Our van pulled over to the side of the road and came to a stop. We were travelling along a coastal highway between the cities of Recife and Maceio in Northeastern Brazil. It was day six of a 16-day tour a tour that would expose us to some of the worst poverty in the country.

Our group of 10 exited the van in order to get a closer look at the thatch huts that lined both sides of the pavement. A man was working the ground with a hoe in front of one of the nearby shacks; inside two women sat on a bench, presumably taking refuge from the heat of the Brazilian sun. We walked over and began to speak with them. This is their story: They had been living in the roadside camp for 10 months. They work in the sugarcane fields when they can, but employment is sporadic. Even when there is work the wages are at starvation levels, only one or two dollars a day. They are day labourers with no land, no money and nothing to show for the years of backbreaking toil in the cane fields. Many of the adults are illiterate and the children have no access to formal education. They have been driven off the land by the plantation owner either because of a lack of work due to mechanization or maybe because they asked for an increase in wages. So without a single square foot of land they are forced to exist along the narrow strips of public road allowance, fenced in by the pavement on one side and private property on the other.

These people are not stupid and they are not lazy. They are hard working, bright, intelligent people who are innocent victims of corrupt politicians and an unjust economic system that has enslaved them to a life of poverty. This is the plight of millions of people in Brazil, and it is wrong. No matter which end of the political spectrum you come from and no matter what economic philosophy you subscribe to, it is simply wrong!

After we got back into the van and drove away, I found myself overwhelmed with questions.
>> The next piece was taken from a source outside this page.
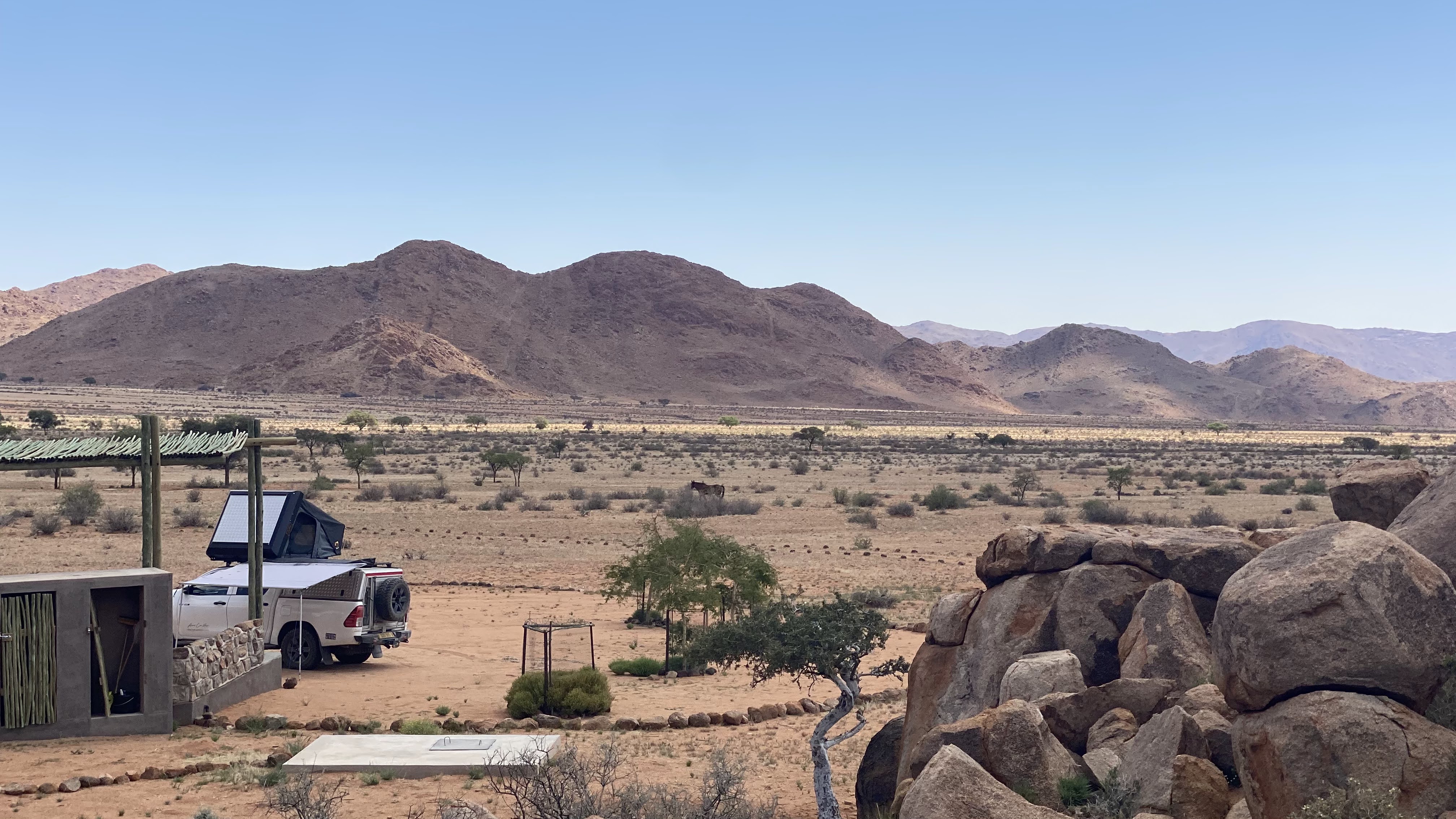 Namibgrens Guest Farm has a set of 12 well-spaced campsites in a mountain valley about 3 hours out of Windhoek. It’s a lovely spot, safe and beautiful, with good shade, hot water, and flush toilets, but no electricity. The water is heated by a donkey (translation: a wood-fired hot water tank) which the farm staff lights in the afternoon; it stays hot through the following morning. We stayed in Campsite #1 and would highly recommend it.

How can a country be so broken, so screwed up and so unjust? What are the causes of these injustices? Who is to blame? Is there a solution? What is the solution? As a consumer and an investor, do I contribute to the problem? What obligation do I have to help? How can I continue to live in relative luxury after seeing first-hand the extreme poverty that exists for so many? Is poverty inevitable? Is world poverty getting better or worse? Is it permanent or merely a temporary side effect of globalization? Is capitalism the problem and if so what is the alternative?

Throughout history greater people than I have asked these same questions and have come up with vastly different answers. I think it is critical that we continue to ask these questions and that we continue to work toward a remedy. Henry George, the 19th century political philosopher, called it the "great enigma of our times" referring to the persistence of poverty amid advancing wealth. "It is the riddle that the Sphinx of Fate puts to our civilization, which not to answer is to be destroyed. So long as all the increased wealth which modern progress brings goes but to build up great fortunes, to increase luxury and make sharper the contrast between the house of have and the house of want, progress is not real and cannot be permanent" (Henry George, Progress and Poverty).